WHAT YOU SHOULD DO: Taking the entries below, transcribe only the lines starting with the one with "NASA 양가죽 바지" and going on through the one with "Не упустите и", exactly as written, without the pictures.

Extracted records:
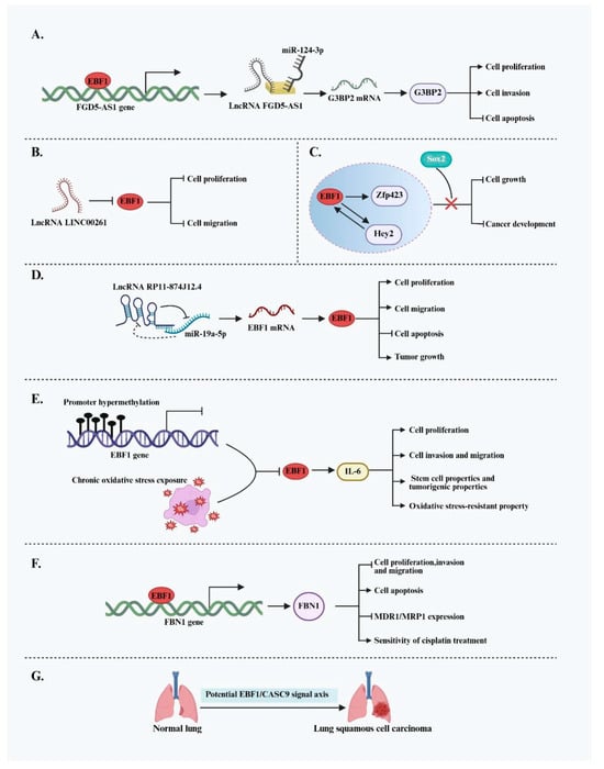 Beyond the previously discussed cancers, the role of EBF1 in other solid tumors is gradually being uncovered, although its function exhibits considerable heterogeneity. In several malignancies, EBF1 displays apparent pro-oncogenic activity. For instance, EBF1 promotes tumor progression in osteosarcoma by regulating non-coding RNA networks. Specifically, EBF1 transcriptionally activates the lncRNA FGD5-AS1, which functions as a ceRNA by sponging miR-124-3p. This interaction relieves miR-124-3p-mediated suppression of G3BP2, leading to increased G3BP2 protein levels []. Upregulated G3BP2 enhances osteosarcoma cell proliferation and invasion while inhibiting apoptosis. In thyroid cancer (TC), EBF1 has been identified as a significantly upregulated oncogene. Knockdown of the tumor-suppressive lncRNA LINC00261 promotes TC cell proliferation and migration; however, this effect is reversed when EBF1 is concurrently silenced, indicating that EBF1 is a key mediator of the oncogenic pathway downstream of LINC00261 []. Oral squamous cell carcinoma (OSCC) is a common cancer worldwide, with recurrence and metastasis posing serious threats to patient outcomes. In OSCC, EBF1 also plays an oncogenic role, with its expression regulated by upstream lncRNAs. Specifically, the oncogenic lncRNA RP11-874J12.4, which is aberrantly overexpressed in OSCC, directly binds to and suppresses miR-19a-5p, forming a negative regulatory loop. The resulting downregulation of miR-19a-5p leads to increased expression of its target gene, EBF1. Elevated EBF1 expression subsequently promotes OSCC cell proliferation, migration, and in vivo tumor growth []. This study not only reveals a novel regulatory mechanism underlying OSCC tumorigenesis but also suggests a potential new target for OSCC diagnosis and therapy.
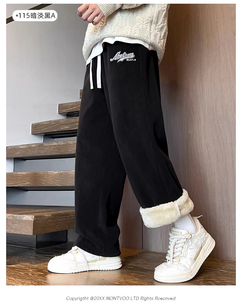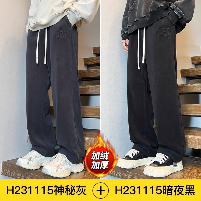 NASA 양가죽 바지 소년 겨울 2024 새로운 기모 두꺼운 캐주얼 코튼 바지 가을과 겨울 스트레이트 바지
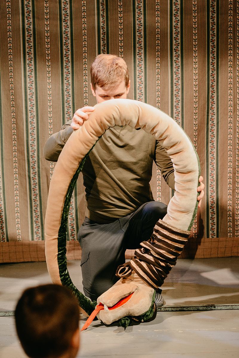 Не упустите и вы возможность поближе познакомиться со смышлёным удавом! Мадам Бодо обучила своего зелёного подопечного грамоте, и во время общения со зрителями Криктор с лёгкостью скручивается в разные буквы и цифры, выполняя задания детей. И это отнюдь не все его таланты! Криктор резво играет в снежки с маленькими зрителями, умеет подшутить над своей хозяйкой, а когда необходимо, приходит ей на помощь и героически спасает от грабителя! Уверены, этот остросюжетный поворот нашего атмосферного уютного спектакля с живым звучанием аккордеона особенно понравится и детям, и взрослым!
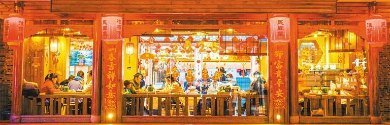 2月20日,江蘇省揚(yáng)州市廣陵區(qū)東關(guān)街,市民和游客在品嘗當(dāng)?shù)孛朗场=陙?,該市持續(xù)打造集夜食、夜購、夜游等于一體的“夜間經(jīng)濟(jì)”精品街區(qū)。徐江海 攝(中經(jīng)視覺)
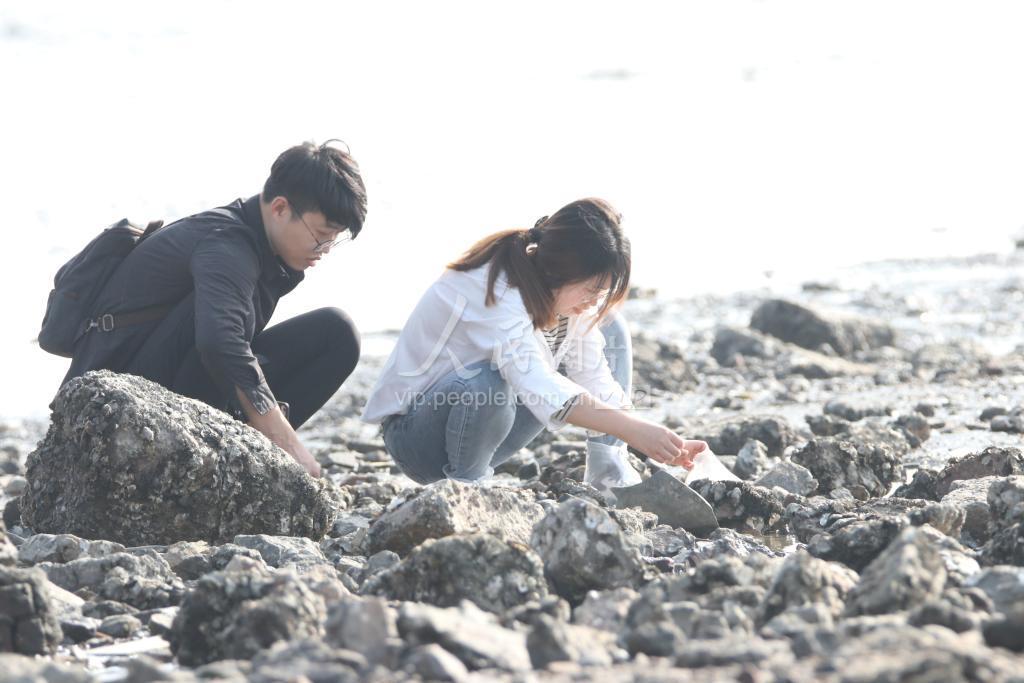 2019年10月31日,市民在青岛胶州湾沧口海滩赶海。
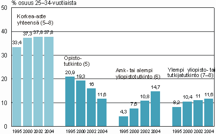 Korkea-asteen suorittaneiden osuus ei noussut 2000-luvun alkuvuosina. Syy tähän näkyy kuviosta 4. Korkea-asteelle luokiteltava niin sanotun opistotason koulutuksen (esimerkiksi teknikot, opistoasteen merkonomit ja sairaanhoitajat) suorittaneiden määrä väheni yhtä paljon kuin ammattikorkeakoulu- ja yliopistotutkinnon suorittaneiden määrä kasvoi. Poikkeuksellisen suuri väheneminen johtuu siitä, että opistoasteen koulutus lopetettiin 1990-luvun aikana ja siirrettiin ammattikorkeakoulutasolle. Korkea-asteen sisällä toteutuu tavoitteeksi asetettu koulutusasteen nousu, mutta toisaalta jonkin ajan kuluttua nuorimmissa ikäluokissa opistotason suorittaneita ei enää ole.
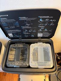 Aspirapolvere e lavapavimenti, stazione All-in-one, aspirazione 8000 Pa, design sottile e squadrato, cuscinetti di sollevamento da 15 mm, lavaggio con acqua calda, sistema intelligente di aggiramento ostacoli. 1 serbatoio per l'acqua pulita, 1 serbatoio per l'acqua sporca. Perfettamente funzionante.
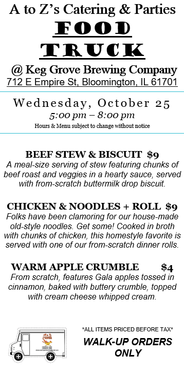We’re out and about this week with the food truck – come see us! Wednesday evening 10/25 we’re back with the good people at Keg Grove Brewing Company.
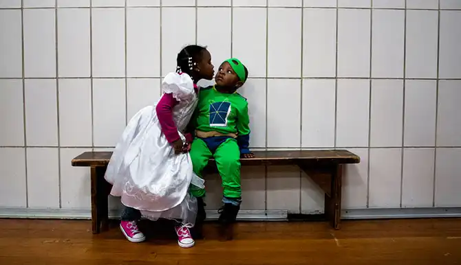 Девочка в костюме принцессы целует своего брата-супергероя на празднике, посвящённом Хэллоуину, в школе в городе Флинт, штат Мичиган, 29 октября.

SOLUTION BELOW:
 NASA 양가죽 바지 소년 겨울 2024 새로운 기모 두꺼운 캐주얼 코튼 바지 가을과 겨울 스트레이트 바지
 Не упустите и вы возможность поближе познакомиться со смышлёным удавом! Мадам Бодо обучила своего зелёного подопечного грамоте, и во время общения со зрителями Криктор с лёгкостью скручивается в разные буквы и цифры, выполняя задания детей. И это отнюдь не все его таланты! Криктор резво играет в снежки с маленькими зрителями, умеет подшутить над своей хозяйкой, а когда необходимо, приходит ей на помощь и героически спасает от грабителя! Уверены, этот остросюжетный поворот нашего атмосферного уютного спектакля с живым звучанием аккордеона особенно понравится и детям, и взрослым!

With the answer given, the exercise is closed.